The core contributions I made inlude fine-tuning of model to improve accuracy (from 98% to 99%) and preprocessing of a dataset having some corrupted data. train a binary anomaly detection model using the HC3 dataset and the PirateXX/AI-Content-Detector-V2 model. The tutorial covers data preparation, fine-tuning, evaluation, and deployment, with code snippets and examples to illustrate each step. I also provided tips and best practices for optimizing the model's performance and avoiding common pitfalls. I conducted a benchmarking study to compare the performance of the PirateXX/AI-Content-Detector-V2 model trained on the HC3 dataset with other state-of-the-art AI content detection models. I used several public datasets and metrics to evaluate the models' accuracy, precision, recall, and F1 score, and analyzed the results to identify their strengths and weaknesses. I also discussed the implications of the findings for real-world applications and future research. I developed a web-based AI content detector using the PirateXX/AI-Content-Detector-V2 model and Streamlit.
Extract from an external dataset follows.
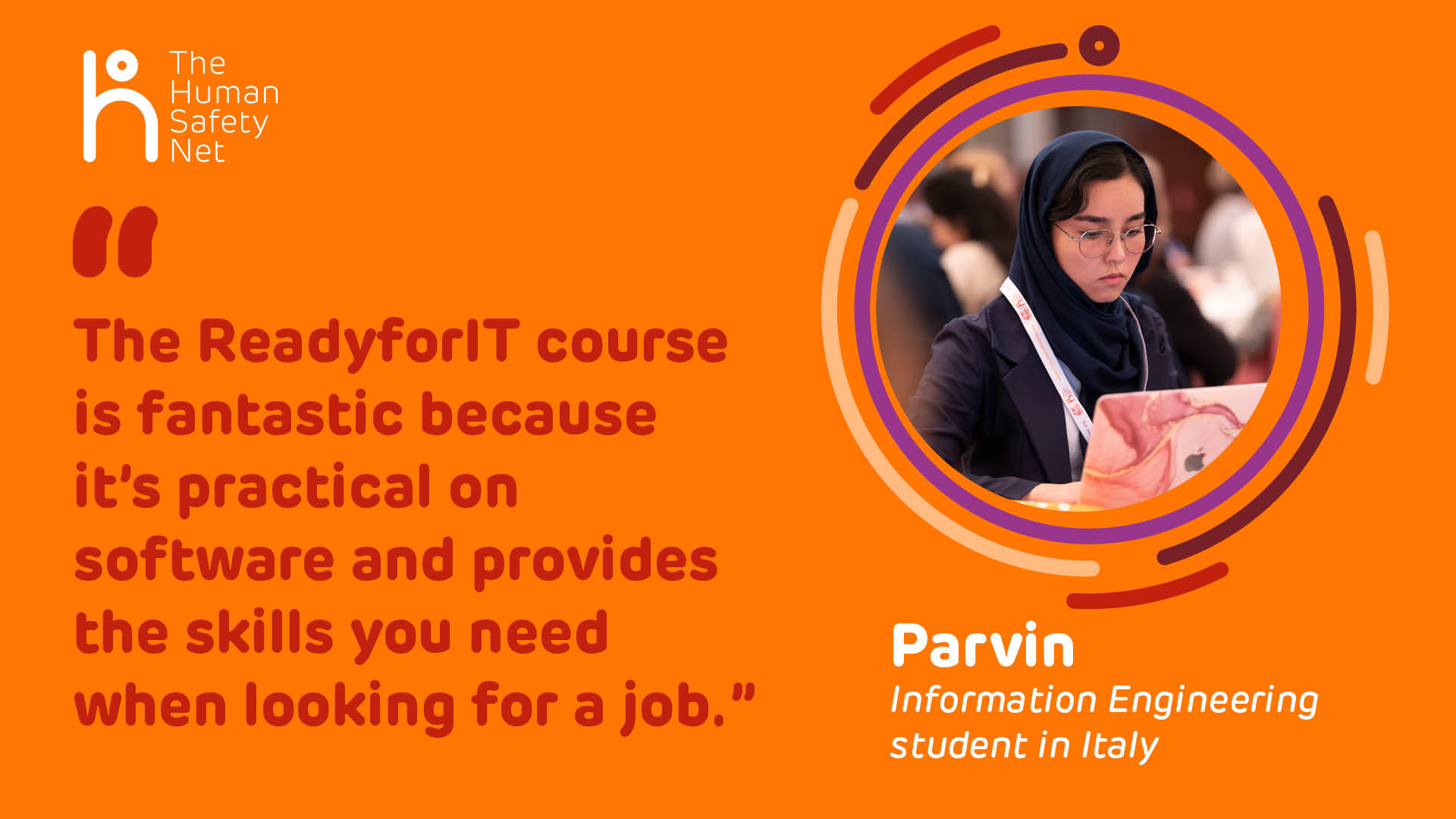 Nata in Afghanistan ma vissuta per la maggior parte della sua vita da sfollata in Iran con la famiglia, Parvin è arrivata in Italia nell'autunno del 2022, poco più che ventenne. Ora frequenta il corso di Ingegneria dell'Informazione all'Università di Padova, beneficiando di una borsa di studio. E ancora una volta, grazie ai Social Innovation Designers di A2030, ha frequentato il corso ReadyforIT lanciato da Fondazione Italiana Accenture in partnership con The Human Safety Net nella prima metà del 2023. Dice: "Il corso ReadyforIT è fantastico perché è pratico sul software e fornisce le competenze necessarie per la ricerca di un lavoro".

The detector allows users to input text and get a prediction on whether it was generated by an AI model or not, with a user-friendly interface and interactive features such as visualizations and explanations. I also integrated the model with other AI tools and services to enhance its functionality and usability. I fine-tuned the PirateXX/AI-Content-Detector-V2 model on several large text datasets, including OpenWebText and Reddit, and compared its performance with the HC3-trained version. The experiments showed that the model's ability to detect AI-generated content varied depending on the dataset's characteristics and the pre-training objectives of the base model. I also discussed the trade-offs between model complexity, dataset size, and computational resources, and proposed strategies for optimizing the model's performance on different datasets.

Limitations

Limitations are like having false positives, as I trained on chatGPT only text so sometimes it detects human written text as fake text. Additionally it can't process long inputs as a whole rather have to split in individual sentences. And it can't highlight individual sentences that's something I have to address in next version as on backend it's doing so but I have to mark individual sentences and highlight then on frontend.